Collected data entries
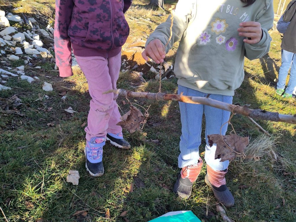 En définitive, la recherche des éléments du mobile, celle du centre de gravité, des équilibres avec les éléments du mobile se sont faites avec une grande intensité parce que le but était clair : l’équilibre final sur la corde. À part la ficelle légèrement rigidifiée pour éviter les nœuds, aucun autre matériel n’a été nécessaire. Nous avons cependant eu de la chance avec le temps, car accrocher des éléments sur une branche avec les doigts dans un froid vif aurait été problématique.
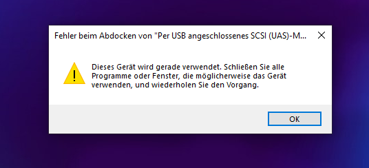 Ich gehe auf das Laufwerk z.B /g: und wähle es an zum Abdocken an und dabei kommt dann diese Fehlermeldung die mir keine weitere Optionen offen lässt. ... Ich will es nur versuchen zu verstehen wie und warum. Ausserdem kenne ich gerade keinen anderen Weg womit ich bei solchen Probleme das Laufwerk noch ordnungsgemäß abgedockt bekomme.
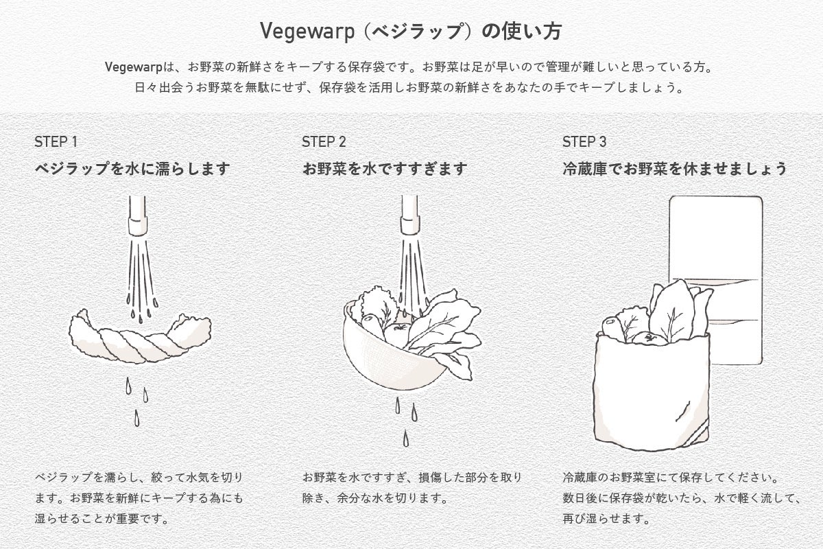 Vegewrapは、布製なので、繰り返し洗ってお使いいただけます。従来の野菜保存袋は、プラスチックなことが多く、また一度使うとすぐにゴミになってしまうものばかりでした。ただスーパーなどで多く見られている野菜は、プラスチックの袋に入っていて、これが日持ちをさせるために、非常に重要で、バラで購入したり、一度袋から出すと、すぐ野菜がしおれてしまいます。
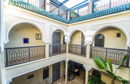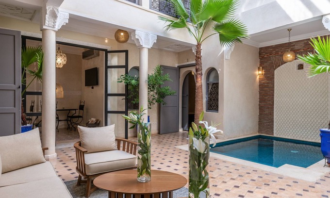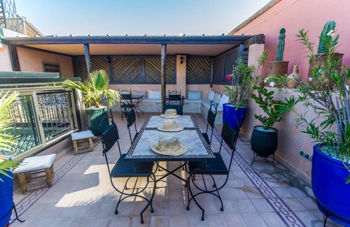 Our Riad in Marrakesh offer comfort quiet and friendly atmosphere and is composed of 3 spacious and typical suites and 4 rooms. all equipped with air-conditioned and private bathrooms, a courtyard with swimming pool to cool off. A massage room for care. Moroccan lounge with fireplace to relax with a mint tea. a sun terrace with Berber tent in front of the panoramic view of Atlas and the Medina of Marrakesh...
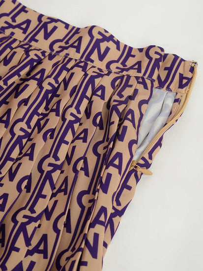 Effortlessly chic, this beige A-line skirt features a flattering pleated design and a regular fit. Crafted from recycled polyester, it boasts a mid-rise waist, concealed zip closure, and a charming printed pattern. Perfect for any occasion.
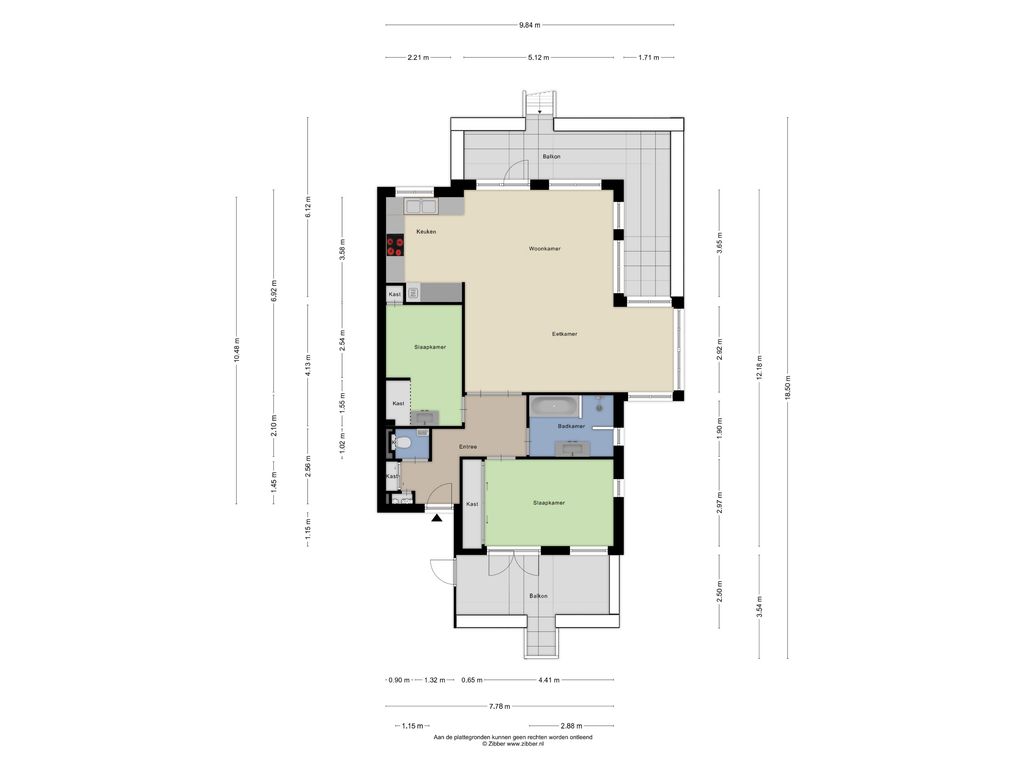 Zoals reeds eerder in de omschrijving gememoreerd heeft het appartement de beschikking over twee mooie balkons/terrassen, waarvan er één op het noorden en één op het zuiden ligt. U heeft daardoor altijd de mogelijkheid om in de zon, of in de schaduw of uit de wind te zitten. Beide terrassen, die voorzien zijn van mooie keramische vloertegels, hebben een trap naar de gemeenschappelijke tuin van het appartementencomplex en zijn omzoomd door een degelijke stenen balustrade.
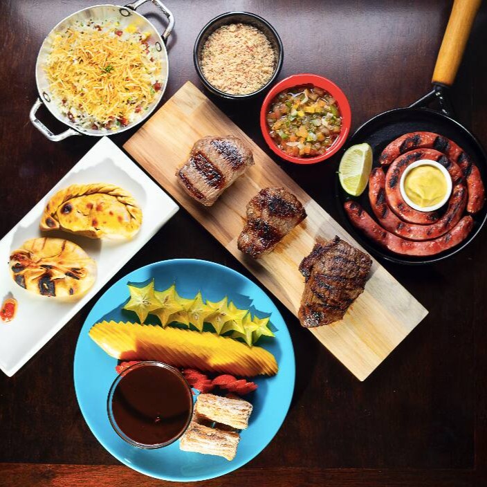 Curta uma refeição farta e deliciosa com sua companhia (ideal para até 3 pessoas)! 2 empanadas, 225g de linguiça artesanal, 260g de fraldinha, 260g de ancho, 3 acompanhamentos (tamanho grande) e sua escolha entre 1 crepe de doce de leite ou 2 mini pudins de leite.

• [Exercise description]: Could the data above be returned in full, exactly, with every image left out?

• [Response for this exercise]:
 En définitive, la recherche des éléments du mobile, celle du centre de gravité, des équilibres avec les éléments du mobile se sont faites avec une grande intensité parce que le but était clair : l’équilibre final sur la corde. À part la ficelle légèrement rigidifiée pour éviter les nœuds, aucun autre matériel n’a été nécessaire. Nous avons cependant eu de la chance avec le temps, car accrocher des éléments sur une branche avec les doigts dans un froid vif aurait été problématique.
 Ich gehe auf das Laufwerk z.B /g: und wähle es an zum Abdocken an und dabei kommt dann diese Fehlermeldung die mir keine weitere Optionen offen lässt. ... Ich will es nur versuchen zu verstehen wie und warum. Ausserdem kenne ich gerade keinen anderen Weg womit ich bei solchen Probleme das Laufwerk noch ordnungsgemäß abgedockt bekomme.
 Vegewrapは、布製なので、繰り返し洗ってお使いいただけます。従来の野菜保存袋は、プラスチックなことが多く、また一度使うとすぐにゴミになってしまうものばかりでした。ただスーパーなどで多く見られている野菜は、プラスチックの袋に入っていて、これが日持ちをさせるために、非常に重要で、バラで購入したり、一度袋から出すと、すぐ野菜がしおれてしまいます。
 Our Riad in Marrakesh offer comfort quiet and friendly atmosphere and is composed of 3 spacious and typical suites and 4 rooms. all equipped with air-conditioned and private bathrooms, a courtyard with swimming pool to cool off. A massage room for care. Moroccan lounge with fireplace to relax with a mint tea. a sun terrace with Berber tent in front of the panoramic view of Atlas and the Medina of Marrakesh...
 Effortlessly chic, this beige A-line skirt features a flattering pleated design and a regular fit. Crafted from recycled polyester, it boasts a mid-rise waist, concealed zip closure, and a charming printed pattern. Perfect for any occasion.
 Zoals reeds eerder in de omschrijving gememoreerd heeft het appartement de beschikking over twee mooie balkons/terrassen, waarvan er één op het noorden en één op het zuiden ligt. U heeft daardoor altijd de mogelijkheid om in de zon, of in de schaduw of uit de wind te zitten. Beide terrassen, die voorzien zijn van mooie keramische vloertegels, hebben een trap naar de gemeenschappelijke tuin van het appartementencomplex en zijn omzoomd door een degelijke stenen balustrade.
 Curta uma refeição farta e deliciosa com sua companhia (ideal para até 3 pessoas)! 2 empanadas, 225g de linguiça artesanal, 260g de fraldinha, 260g de ancho, 3 acompanhamentos (tamanho grande) e sua escolha entre 1 crepe de doce de leite ou 2 mini pudins de leite.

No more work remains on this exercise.